Description 'Teenage Friends and Lifestyle Study' data

The data provided here belong to the older of the two student cohorts in this study, which were followed over their second, third and fourth year at a secondary school in Glasgow. The study was funded by the Chief Scientist Office of the Scottish Home and Health Department under their Smoking Initiative (grant K/OPR/17/8), and was executed by Lynn Michell and Patrick West of the Medical Research Council / Medical Sociology Unit, University of Glasgow. An excerpt of this data set is the s50 dataset, containing information about 50 girls from the Teenage Friends and Lifestyle Study.

Download the data set.
Download the questionnaire.


The Teenage Friends and Lifestyle Study (Bush, West & Michell 1997, Michell and West 1996, Pearson and Michell 2000, Pearson and West 2003) aimed to identify processes by which attitudes towards smoking and smoking behaviour itself change over early to mid adolescence, focusing particularly on the stage of experimentation, and the transition from experimental to regular smoking. Data were recorded at three time points and for two cohorts. The data you can download on this page belong to the older cohort. Students were followed over a two year period starting in February 1995, when the pupils were aged 13, and ending in January 1997. A total of 160 pupils were part of this older cohort, 129 of whom were present at all three measurement points. The friendship networks were formed by allowing the pupils to name up to six friends. Pupils were also asked about elements of their lifestyle, including substance use and leisure activities. The school was representative of others in the region in terms of social class composition (Bush, West & Michell 1997). Qualitative data collected in the same study are reported by Michell (1997a, 1997b); Michell & West (1996); Michell & Amos (1997).
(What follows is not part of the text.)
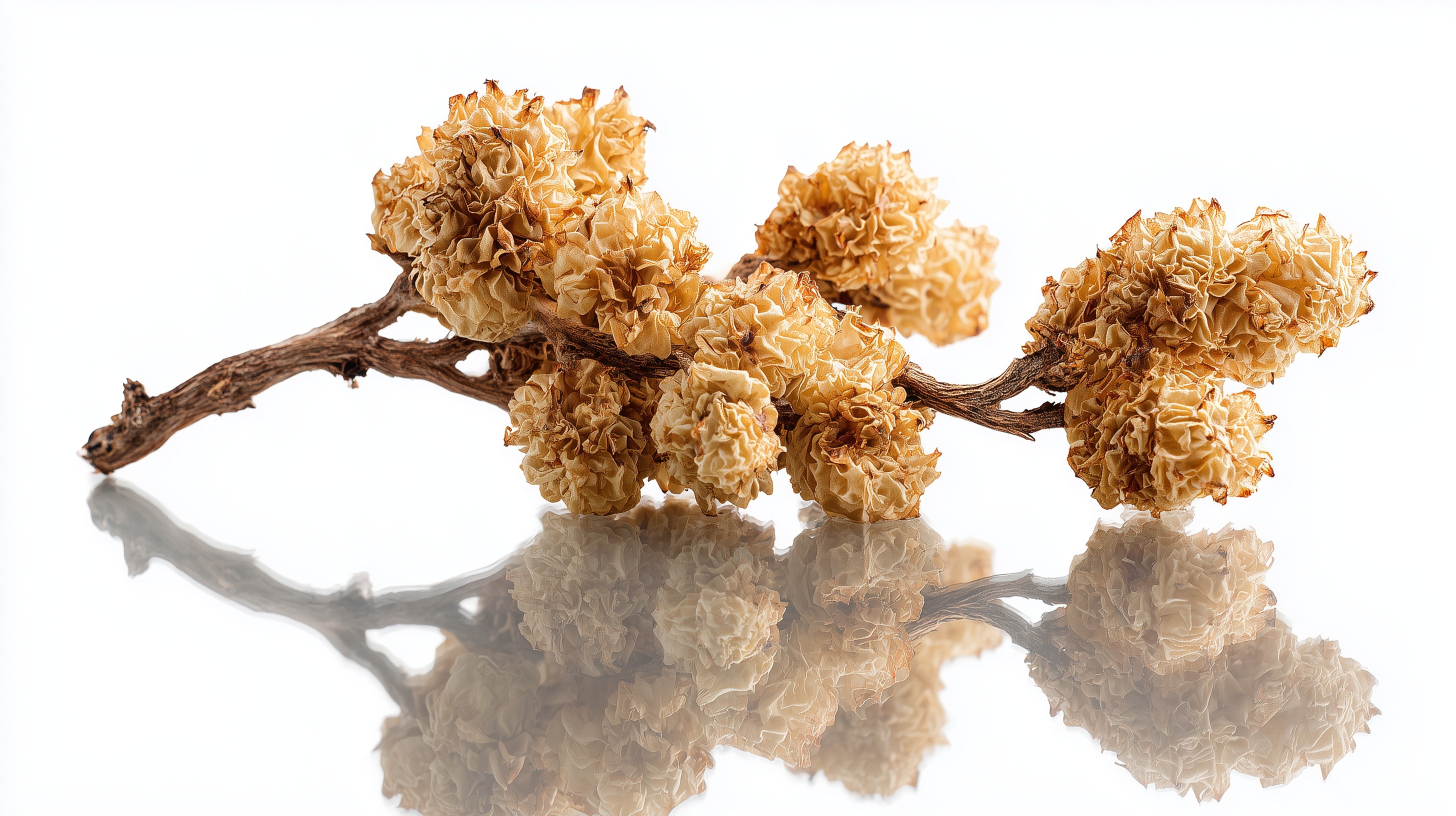 Dieses stimmungsvolle Fotomotiv zeigt ein elegantes Arrangement aus naturbelassenen Blütenknospen, die an einem kunstvoll geschwungenen Holzzweig angeordnet sind. Die warmen, erdigen Gelbtöne der getrockneten Blüten verleihen der Komposition eine organische, harmonische Ausstrahlung. Durch die hochwertige Bildauflösung und das schlichte weiße Hintergrunddesign wird der Fokus ganz auf die dekorativen Naturobjekte gelenkt. Dieses stilvolle Stockfoto bietet sich für den Einsatz in Produktfotografie, Werbematerial, Blog-Beiträgen oder Einladungskarten an und kann als visuelle Inspiration für natürlich anmutende Wohndekoration dienen. Mit seinen ruhigen Formen und natürlichen Materialien vermittelt das Motiv Eleganz und Authentizität.

All data are in R format and can be directly loaded into the R workspace using the command "load", e.g., "load('Glasgow-friendship.RData')", assuming that this file in the current working directory. After having loaded these data, the command "ls()" or, equivalently, "objects()", lists all objects in the workspace of your R session, thus showing you the names of the variables included in these data sets.

For the exact wording of questions, please consult the questionnaire.